In this post, we will look at how serverless is changing the traditional Kubernetes architecture. However, we will first address the benefits of Kubernetes in data science.
Benefits of Kubernetes for Data Science
Kubernetes is based on a control node combined with multiple worker nodes to facilitate its cluster architecture. Workloads then get distributed to these worker nodes while being managed by the control node. With the emergence of serverless technologies, there is growing interest in utilizing serverless within Kubernetes both to manage workloads and provide the cluster itself.
It should be relatively obvious why data scientists can benefit from this interface. Bob Laurent, Senior Director of Domino Data Labs has talked about some of the biggest reasons. He points out that Kubernetes allows scalable access to GPUs and CPUs and helps with infrastructure abstraction. These features make data science projects scalable, cost-effective and easier to manage.
Kubernetes is clearly a useful feature for data scientists. After this is understood, it is important to come to terms with the wonders of using it in a serverless enviornment.
First of all, it is important to dispel a misconception. Serverless does not mean the absence of servers. It just means that the server is abstracted to a certain level that users do not need to consider how their applications are executed. You only have to simply provide your packaged application or a container, and the serverless platform will manage all the underlying infrastructure considerations. This means it can still be used to handle data projects at different levels of your infrastructure.

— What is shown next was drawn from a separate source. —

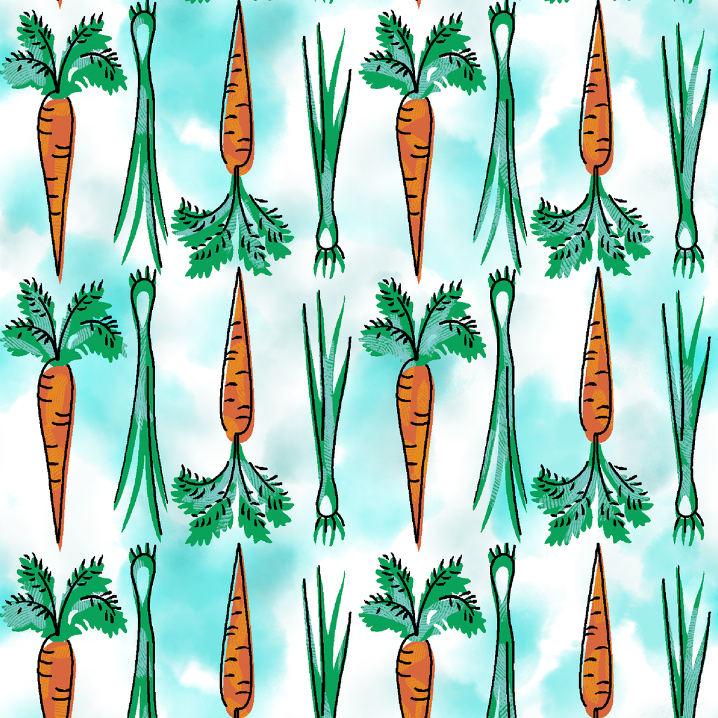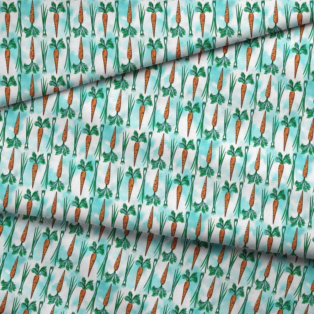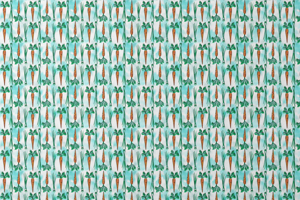 Vibrant orange carrots with fresh green tops create a playful botanical pattern on a light turquoise background, perfect for kitchen decor or culinary-themed projects.

Even with all the advantages Kubernetes brings, users still need to manage the underlying servers. While managed K8s reduce this burden somewhat, it still does not eliminate servers completely from the equation. They will manage the control plane, yet you still have to provision and manage worker nodes on the various data science projects you are working on.
Serverless implementation like AWS Fargate completely eliminates the need for data scientists to manage the worker nodes and moves the workloads into serverless architecture. This approach completely shifts the responsibility of server (node) management from the user to the service providers. Serverless can also bring cost reductions, as users only pay for the resources used. Furthermore, it ensures no overprovisioning has occurred while having the flexibility to scale as needed.
Each worker node has an agent called kubelet that connects it to the Kubernetes API. When a user interacts with the Kubernetes API via kubectl commands, kubelet allows each node to receive instruction from the API on how to manage the pods in the specific nodes. Kubectl also uses PodSpecs to manage the underlying pods whenever a kubelet is running on a server and connected to K8s API.
This opens a lot of doors for data scientists trying to boost scalability and customize their projects. The biggest benefit in data science projects boils down to virtualization.
In a serverless setting, this functionality is typically emulated by a virtual kubelet. This allows the Kubernetes API to recognize the virtual kubelet implementation as a node within a cluster. However, this virtual kubelet will schedule containers elsewhere, typically in supported backends like AWS Fargate, AWS Batch, HasiCorp Normad, etc… Although users can interact with the K8s cluster usual way the underlying containers will be scheduled in serverless containers services. Thus, with this implementation, users can gain the advantages of serverless without sacrificing the functionality of Kubernetes. The best part of a virtual kubelet is it even allows for mixed configurations, where actual worker nodes and virtual kubectl can coexist within a cluster.
In a non-serverless setting, the users would create the container and then configure K8s manifests and resources to deploy and run the application within the cluster. Additionally, we have to configure the scaling and preconfigure the resource utilization. For a serverless implementation, there can be two approaches to do it called container as a Service (CaaS) and a Function as a Service (FaaS)
With CaaS, we provide the container with the necessary configurations, and CaaS will create and manage all the underlying secondary resources, including Istio routing, scaling, ingress, etc… CaaS will then configure the container and manage it depending on the configurations provided. The only requirement is that the container is able to interpret the commands sent by the CaaS service and act upon them, which will require some additional configurations or libraries in the container itself. A good example of CaaS would be Knative to deploy serverless workloads in Kubernetes.
FaaS takes CaaS implementation a step further. In CaaS, the user needs to provide the container in a FaaS service. The user will create and upload a function with a source code and additional configurations’ information like runtime, triggers, etc… However, FaaS will build our code and containerized the application with all the necessary management tools and libraries and deploy them, simplifying the application deployment. OpenWhisk, Kubeless, OpenFaaS are some FaaS services available to facilitate this functionality.
In both these instances, the functionality of these services will be built on top of the Kubernetes API, exposing only the CaaS or FaaS interface to the users. All the deployments and management will be carried out using the Kubernetes API. But users would only see the much simpler function or container service interface. Combining this with a completely serverless cluster powered by a virtual kubelet, you can have a complete serverless Kubernetes environment.
Kubernetes is a Wonderful Resource for Data Scientists
There are many powerful new platforms that data scientists should be willing to take advantage of. By integrating Kubernetes with serverless platforms and services, data scientists can gain the benefits of both of them without compromising their functionality. At a cluster level, serverless helps reduce costs while providing near-unlimited scalability and availability without management responsibilities. At the application level, serverless greatly simplifies the development and deployment effort required to deploy and use containers in a Kubernetes environment, either via CaaS or FaaS implementations.